While emotionally it’s tempting to side with McCarthy here, this is a largely existential fight (as I’m sure he’d agree) for the future of the country. And you can’t win such a fight without capturing the middle – meaning independents. Independents, who generally suck on politics, simply were not on board with shutting down the government over last year’s budget. They are, as it happens, on board with doing it over raising the debt limit – a Fox News poll out this weekend says that 62 percent of the country overall and 62 percent of independents (along with 79 percent of Republicans and 46 percent of Democrats) would rather shut the government down than raise the debt limit.

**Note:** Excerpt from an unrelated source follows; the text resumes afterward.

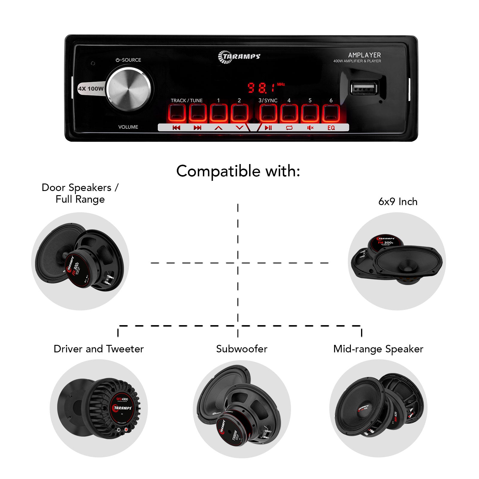 Elevate your car audio with the Taramps Amplayer 400. This amplifier delivers a solid 400 WRMS, supports versatile 'Bridge' connections, and features a long-distance remote for easy control. Integrated crossovers enhance your sound experience, making it a top choice for audio enthusiasts.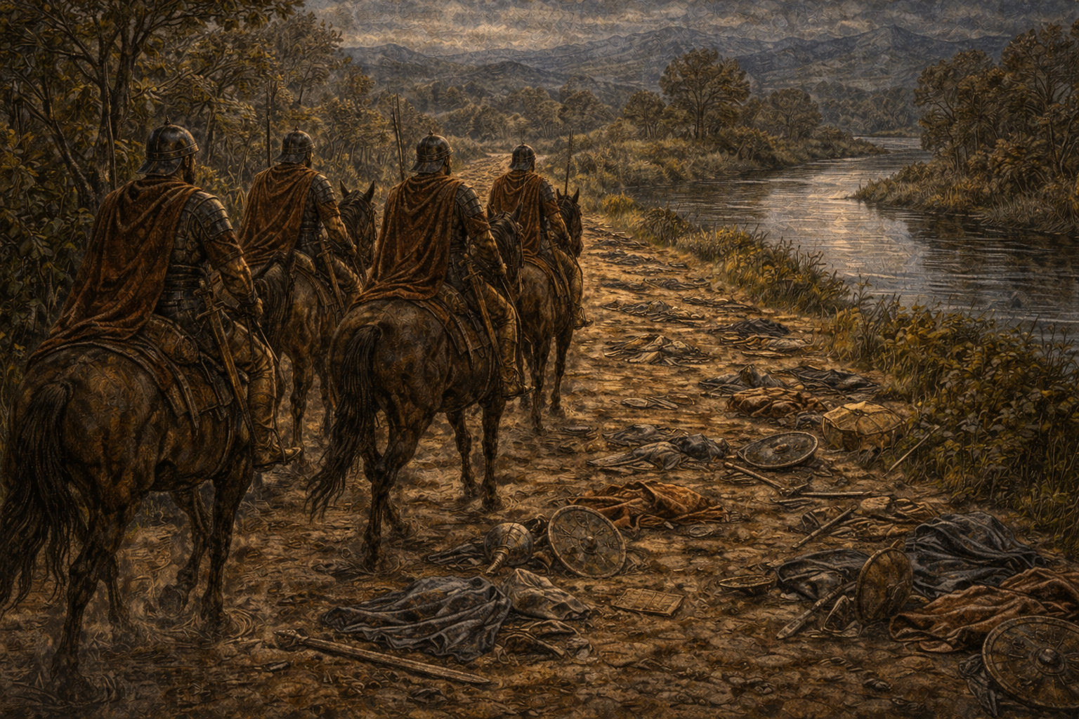 2 Kings 7:15 They went after them to the Jordan, and behold, all the way was full of clothes and equipment which the Arameans had thrown away in their haste. Then the messengers returned and told the king.

You win when you have the center with you. It’s unclear whether Boehner had it this time, so the smart play was to get what he could get and move on to the next fight. Which is exactly what he did. But it looks like in six weeks he will have the center firmly in his camp, along with the momentum and positive buzz he got from this negotiation, and he will be in a position to command a lot better deal along with some more substantial cuts.

Which is a promising picture, even if you spend most of your time stroking out over the viciousness of the fight just to get a measly $40 billion in cuts. Contrast that with what could have happened – namely, a protracted government shutdown, an avalanche of bad media that quickly wears down the public (and specifically the sucktastic independents who can’t be counted on for more than passing support) and a constant stream of demagoguery from the Schumers, Wieners, Sheila Jackson Lees and Debbie Wasserman Schultzes about how the Republicans are hell-bent on killing women, children and old people. Of course it’s bullshit; it works. If it didn’t it wouldn’t be among the last tricks in their bag along with raaaacism and class warfare.

I don’t know that the GOP wins that shutdown with much more than the $40 billion they got. And I really don’t know that they win the shutdown politically at all. I’m as happy with a shutdown as the next guy and I’m not afraid of one. But there isn’t much point in a Pyrrhic victory, either, and if we’re going to have to go into a shutdown I want to do it with maximum leverage.

Think of the budget/debt situation as the last two minutes of a football game, and the country is on offense with about 90 yards to go but down five points. A touchdown wins it; anything else won’t. The Democrats ought to be on our side, but as it happens they’re the defense. Now – do you throw a bomb into the teeth of a prevent defense, or do you work the ball down the field, getting first down after first down until finally you’re in the end zone? Playing for a shutdown is throwing a bomb. Boehner got a couple of short passes (the two-week CR’s) and then on 3rd and 3 or so he got the first down last night. Sure, we’re probably still 75 yards away, but at least we’ve got the ball.